* ABOUT THIS TASK:
Copy out the entries below exactly as they stand, but only from the line containing "また、細胞が凍り始めるマイナ" through the line containing "The materials from".

* DATA SHOWN:
────
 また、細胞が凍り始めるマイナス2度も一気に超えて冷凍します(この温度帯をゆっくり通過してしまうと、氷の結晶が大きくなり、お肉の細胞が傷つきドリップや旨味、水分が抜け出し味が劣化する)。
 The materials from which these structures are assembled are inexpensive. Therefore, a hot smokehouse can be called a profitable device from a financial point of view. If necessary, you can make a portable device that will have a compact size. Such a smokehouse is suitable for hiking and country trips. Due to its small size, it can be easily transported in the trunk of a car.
────
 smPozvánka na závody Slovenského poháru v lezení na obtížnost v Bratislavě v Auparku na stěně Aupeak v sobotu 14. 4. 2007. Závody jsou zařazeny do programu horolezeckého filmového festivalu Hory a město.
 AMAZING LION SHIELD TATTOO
────
* TASK SOLUTION:
 また、細胞が凍り始めるマイナス2度も一気に超えて冷凍します(この温度帯をゆっくり通過してしまうと、氷の結晶が大きくなり、お肉の細胞が傷つきドリップや旨味、水分が抜け出し味が劣化する)。
 The materials from which these structures are assembled are inexpensive. Therefore, a hot smokehouse can be called a profitable device from a financial point of view. If necessary, you can make a portable device that will have a compact size. Such a smokehouse is suitable for hiking and country trips. Due to its small size, it can be easily transported in the trunk of a car.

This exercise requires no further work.